→ **Source material**
----------

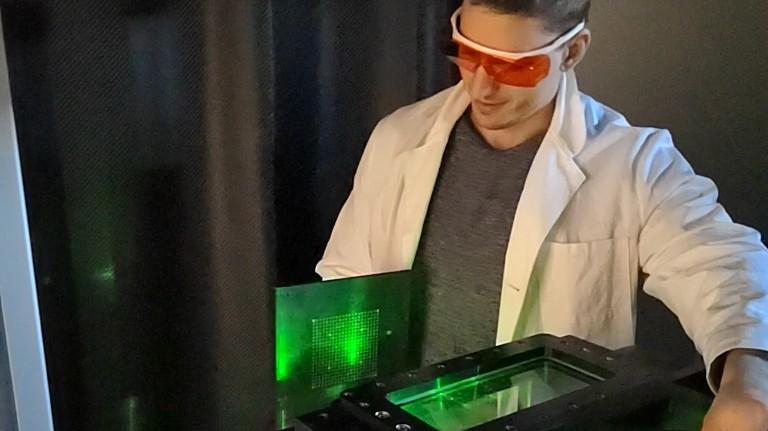 Im Bild: Der Preisträger Dennis Welsch am LDA-Prüfstand des Kompetenzzentrums Strömungssimulation
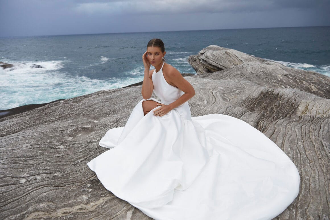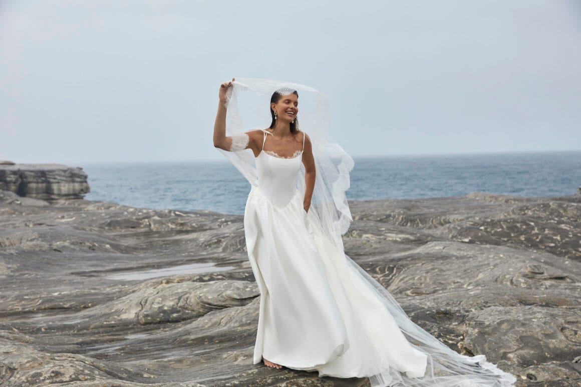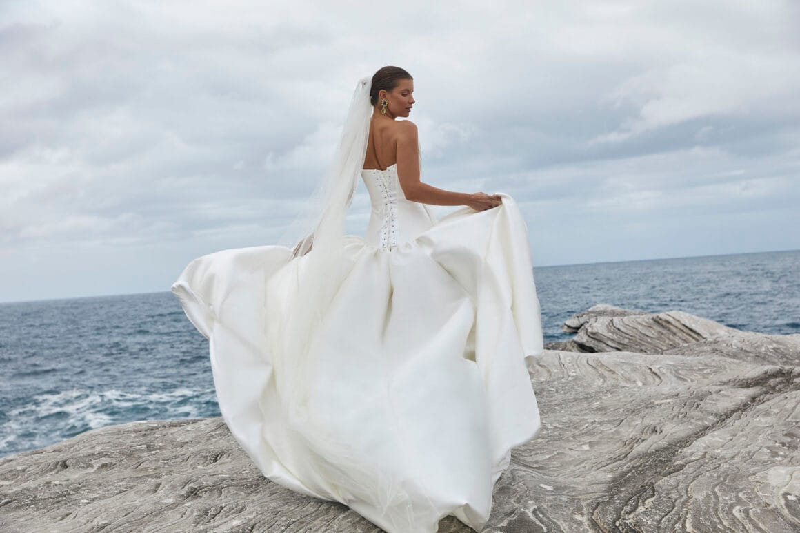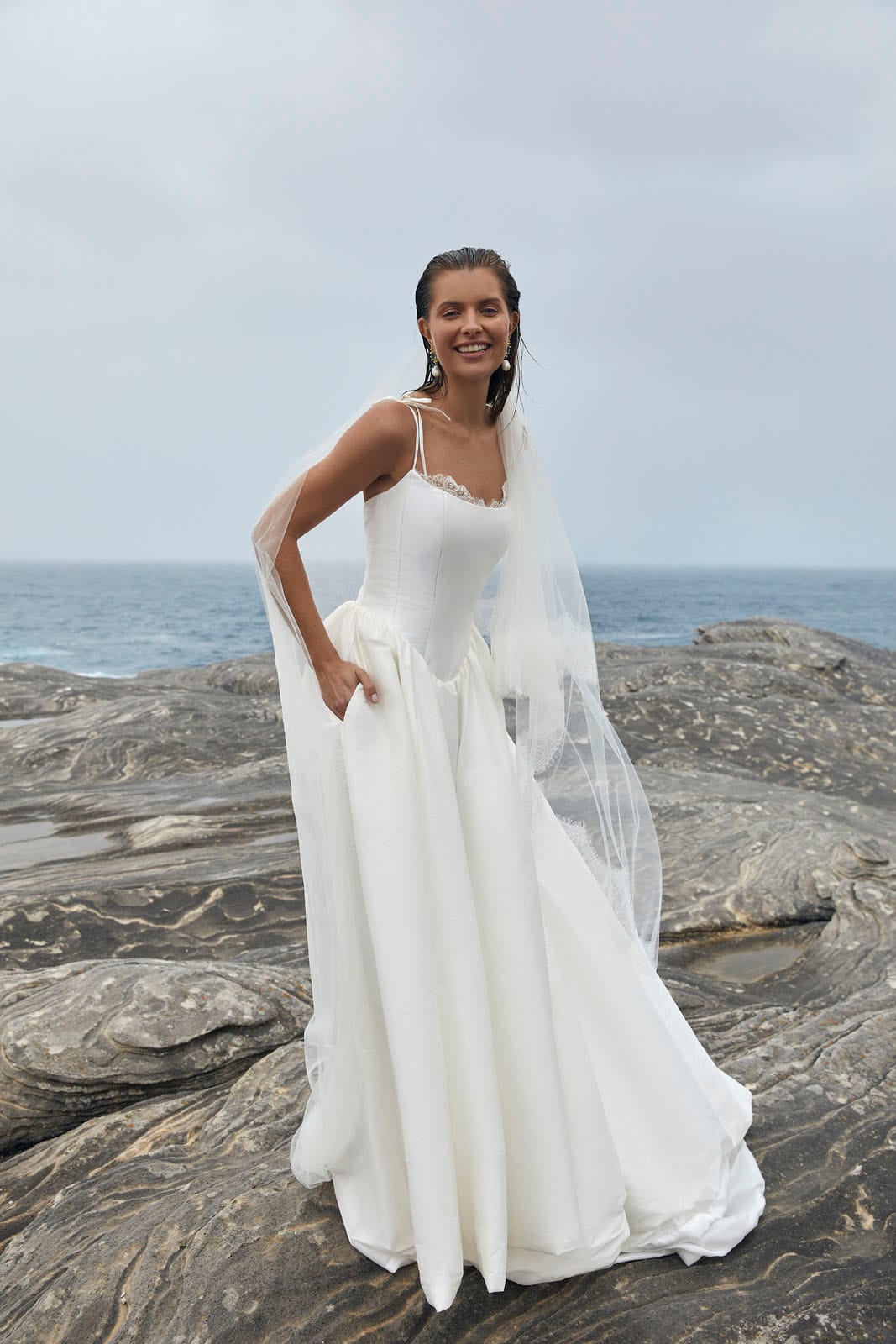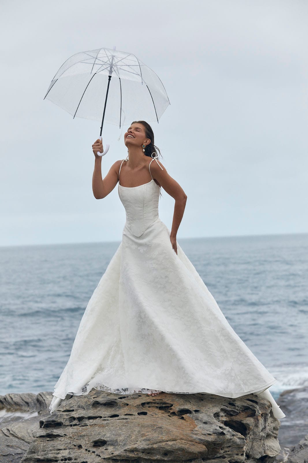 Named after the coastal beauty of Sydney’s iconic La Perouse (all sandstone cliffs, salty air and old-school romance), this milestone collection is all about embracing legacy while leaning into fresh, modern drama. Think drop-waist silhouettes, structured Basque bodices that cinch in just right, and more textural goodness than your Pinterest board can handle.
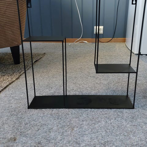 Fin pyntehylle i sort metall med treplater selges billig. Må hentes på Kvernaland.
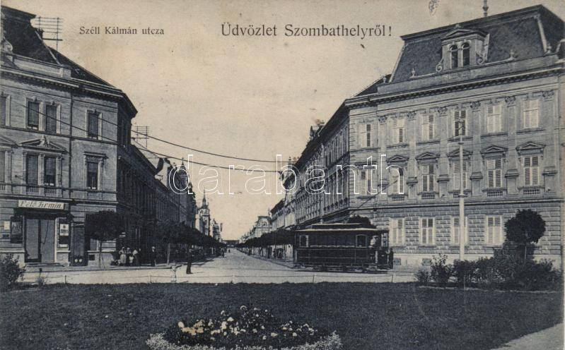 Szombathely Széll Kálmán utca, Pető Ármin üzlete, villamos (fl) https://www.darabanth.com/de/191-Fernauktion/191.0/Ansichtskarten/Ungarn~400021/Szombathely-Szell-Kalman-utca-Peto-Armin-uzlete-villamos-fl~II718074
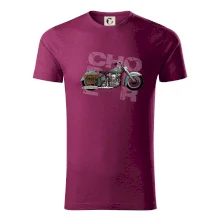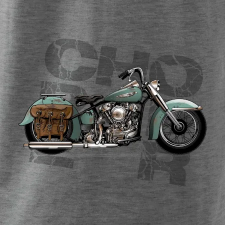 Tričko pre motorkárov, na ktorom je modrá motorka chopper s brašňou. Motocykel by mal mať na tričku každý správny motorkár. Moto tričko s motorkou je vhodný darček pre motorkárov.
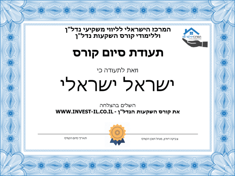 לאחר השלמת הקורס תוענק תעודת סיום מטעם invest-il
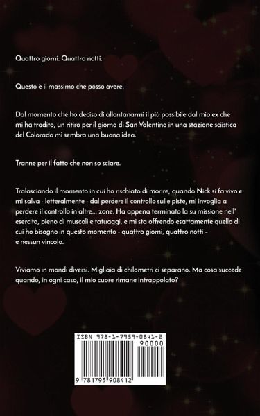 Quattro giorni. Quattro notti. Questo è il massimo che posso avere. Dal momento che ho deciso di allontanarmi il più possibile dal mio ex che mi ha tradito, un ritiro per il giorno di San Valentino in una stazione sciistica del Colorado mi sembra una buona idea. Tranne per il fatto che non so sciare. Tralasciando il momento in cui ho rischiato di morire, quando Nick si fa vivo e mi salva - letteralmente - dal perdere il controllo sulle piste, mi invoglia a perdere il controllo in altre... zone. Ha appena terminato la su missione nell'esercito, pieno di muscoli e tatuaggi, e mi sta offrendo esattamente quello di cui ho bisogno in questo momento - quattro giorni, quattro notti - e nessun vincolo. Viviamo in mondi diversi. Migliaia di chilometri ci separano. Ma cosa succede quando, in ogni caso, il mio cuore rimane intrappolato?
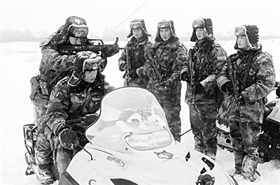 阿勒泰军分区边防官兵踏雪巡逻 维护防区安全

----------

→ **Work item**
Copy out exactly the lines between the line containing "Quattro giorni. Quattro" and the end of the entries, including both, and leave the pictures behind.

→ **Response to the task**
 Quattro giorni. Quattro notti. Questo è il massimo che posso avere. Dal momento che ho deciso di allontanarmi il più possibile dal mio ex che mi ha tradito, un ritiro per il giorno di San Valentino in una stazione sciistica del Colorado mi sembra una buona idea. Tranne per il fatto che non so sciare. Tralasciando il momento in cui ho rischiato di morire, quando Nick si fa vivo e mi salva - letteralmente - dal perdere il controllo sulle piste, mi invoglia a perdere il controllo in altre... zone. Ha appena terminato la su missione nell'esercito, pieno di muscoli e tatuaggi, e mi sta offrendo esattamente quello di cui ho bisogno in questo momento - quattro giorni, quattro notti - e nessun vincolo. Viviamo in mondi diversi. Migliaia di chilometri ci separano. Ma cosa succede quando, in ogni caso, il mio cuore rimane intrappolato?
 阿勒泰军分区边防官兵踏雪巡逻 维护防区安全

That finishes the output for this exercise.